# Gravel / Titanium



## PeteRaja (12 mo ago)

Hi! Anyone riding a Mosaic GT 2-45, and would be kind enough to share the riding experience?


----------



## Lombard (May 8, 2014)

Hi and welcome! Haven't heard of this brand. Did a search:









GT-2 45 | Mosaic Cycles


Our legendary G-Series frameset, now available as a complete bike in two different tire clearance options.




www.mosaiccycles.com





High end and expensive for sure. And here is a review:









Mosaic GT-1 45 review: Plush, custom, titanium gravel goodness


A durable gem of a gravel companion.




www.velonews.com





I learn something new every day!


----------



## rzio1 (Aug 31, 2021)

I have a GT-1, I guess it would be the AllRoad model now and I can say that I will never sell this bike. The level of compliance and smoothness is incredible; I never had a bike like this. I've taken it bikepacking, road riding, and tons of gravel; it keeps asking for more. I can only fit 38s on mine, so 45s will make your bike much more versatile!


----------



## duriel (Oct 10, 2013)

The last picture of the review tells it all. Take a look at the gravel road they're riding it on and print it out if you can, then take the print and get in your car drive 10 miles on the roads you plan on riding. Notice any difference? If you don't you'll be ok, if you do, you'll probably want to get something with a suspension.
They should just quit with the 'gravel bike', and go with 'path bike'. End of rant.


----------



## PeteRaja (12 mo ago)

rzio1 said:


> I have a GT-1, I guess it would be the AllRoad model now and I can say that I will never sell this bike. The level of compliance and smoothness is incredible; I never had a bike like this. I've taken it bikepacking, road riding, and tons of gravel; it keeps asking for more. I can only fit 38s on mine, so 45s will make your bike much more versatile!


Thx! Soundsfantastic!!


----------



## PBL450 (Apr 12, 2014)

rzio1 said:


> I have a GT-1, I guess it would be the AllRoad model now and I can say that I will never sell this bike. The level of compliance and smoothness is incredible; I never had a bike like this. I've taken it bikepacking, road riding, and tons of gravel; it keeps asking for more. I can only fit 38s on mine, so 45s will make your bike much more versatile!

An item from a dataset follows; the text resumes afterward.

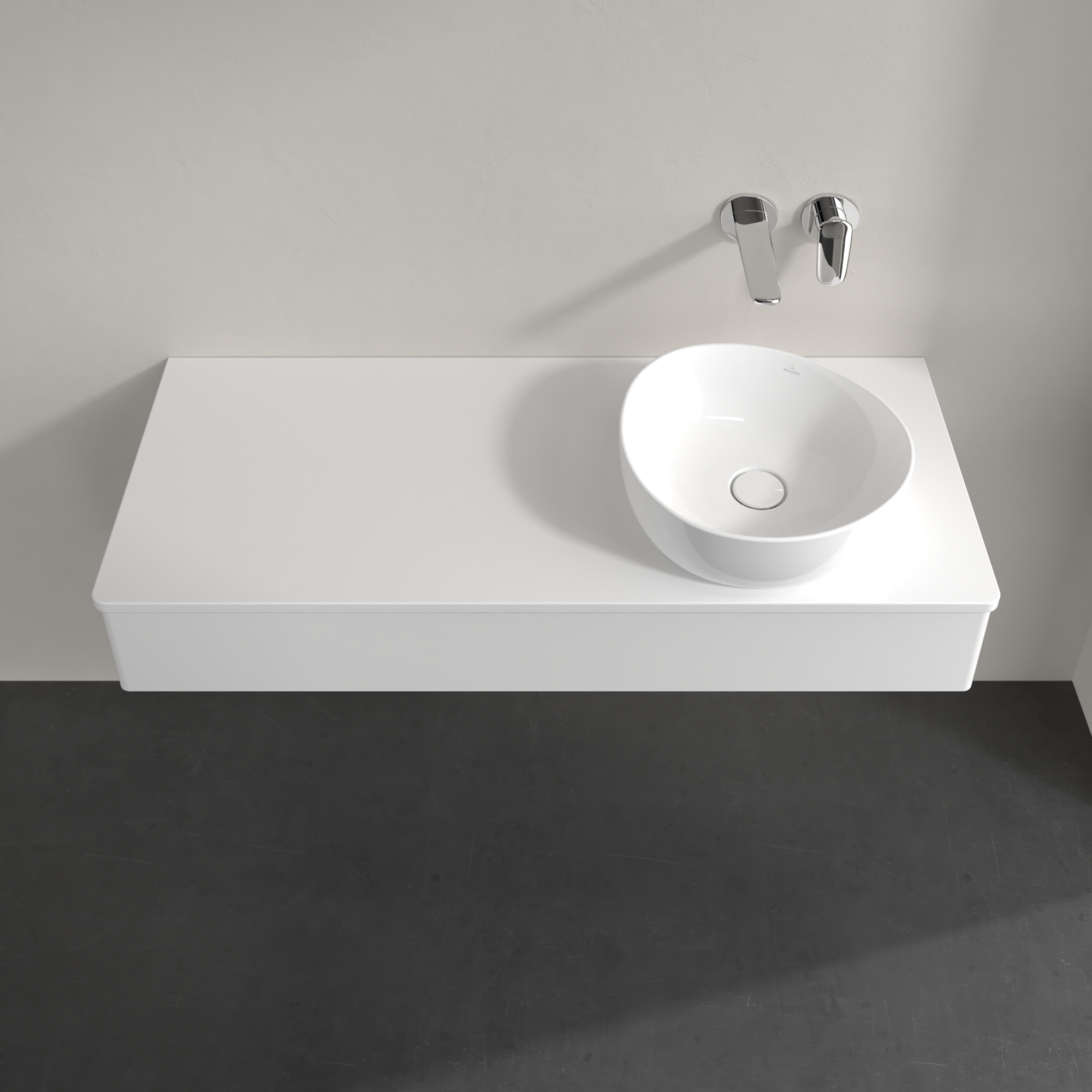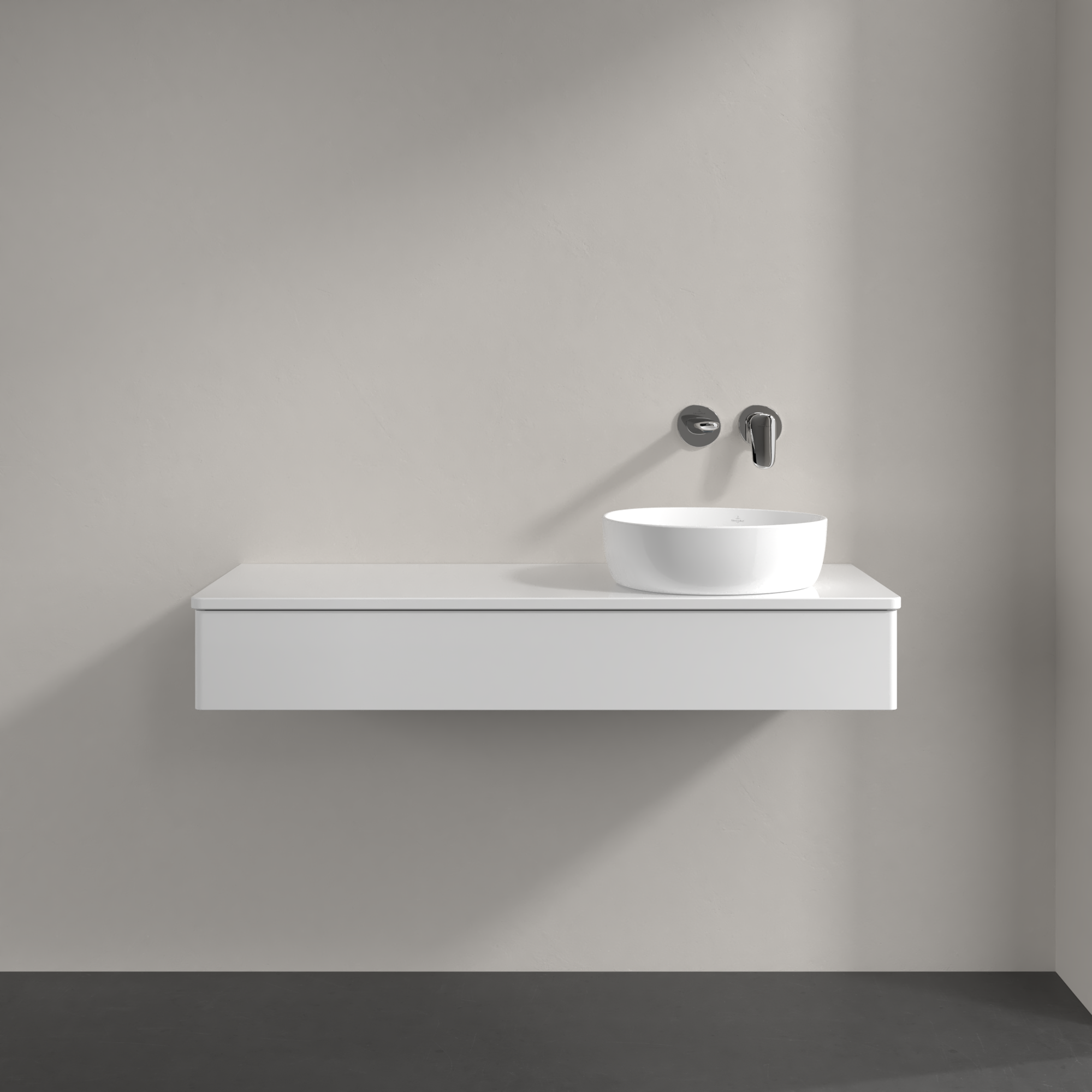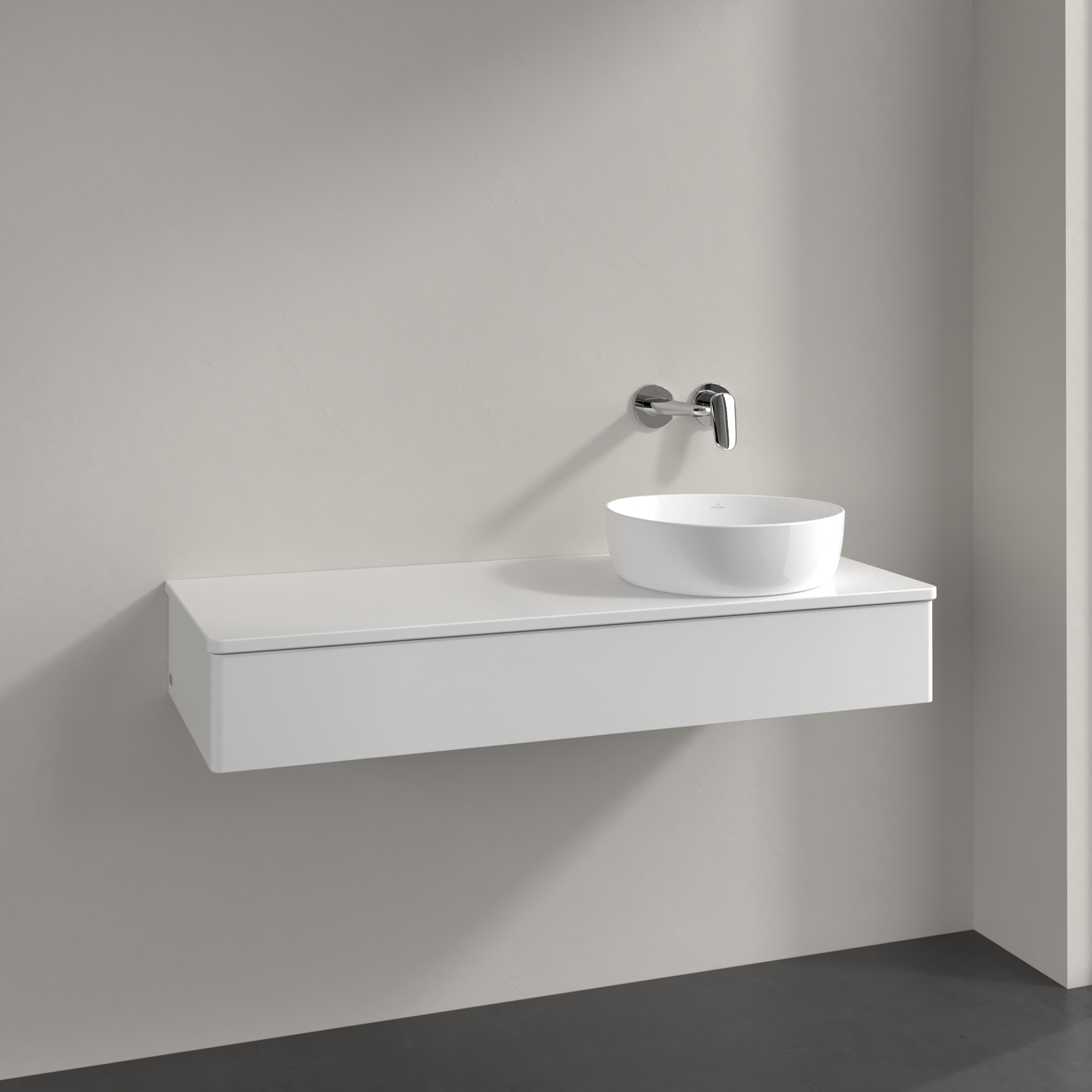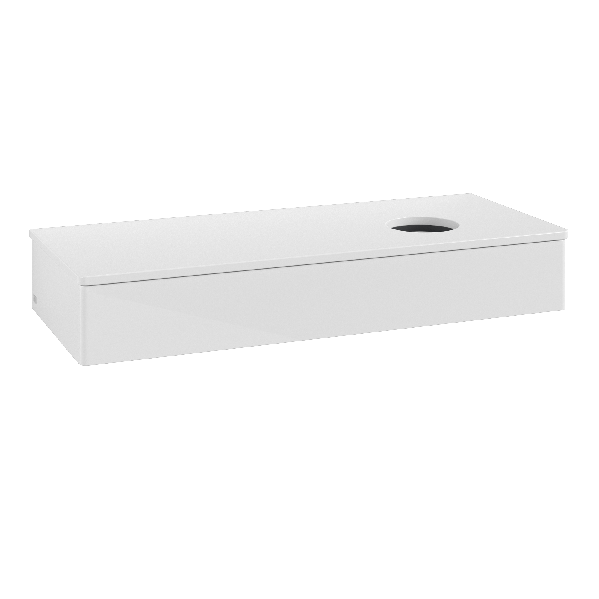 Antao Meuble sous plan, avec éclairage, 1 tiroir sur rails, 1200x190x500mm, Façade sans structure, Caisson: Glossy White Lacquer, Façade: Glossy White Lacquer, Plaque de recouvrement: Glossy White Lacquer

You have 38s on this build but you can feel elements of the frame material? No, you can’t. No one can. Not meaning to be snarky, just injecting a little reality. Using Ti to ride on dirt roads is like using caviar to de-ice your driveway. But all that matters is that you love it. And that matters more than anything else.


----------



## Lombard (May 8, 2014)

PBL450 said:


> You have 38s on this build but you can feel elements of the frame material? No, you can’t. No one can. Not meaning to be snarky, just injecting a little reality. Using Ti to ride on dirt roads is like using caviar to de-ice your driveway. But all that matters is that you love it. And that matters more than anything else.


^^^This.


----------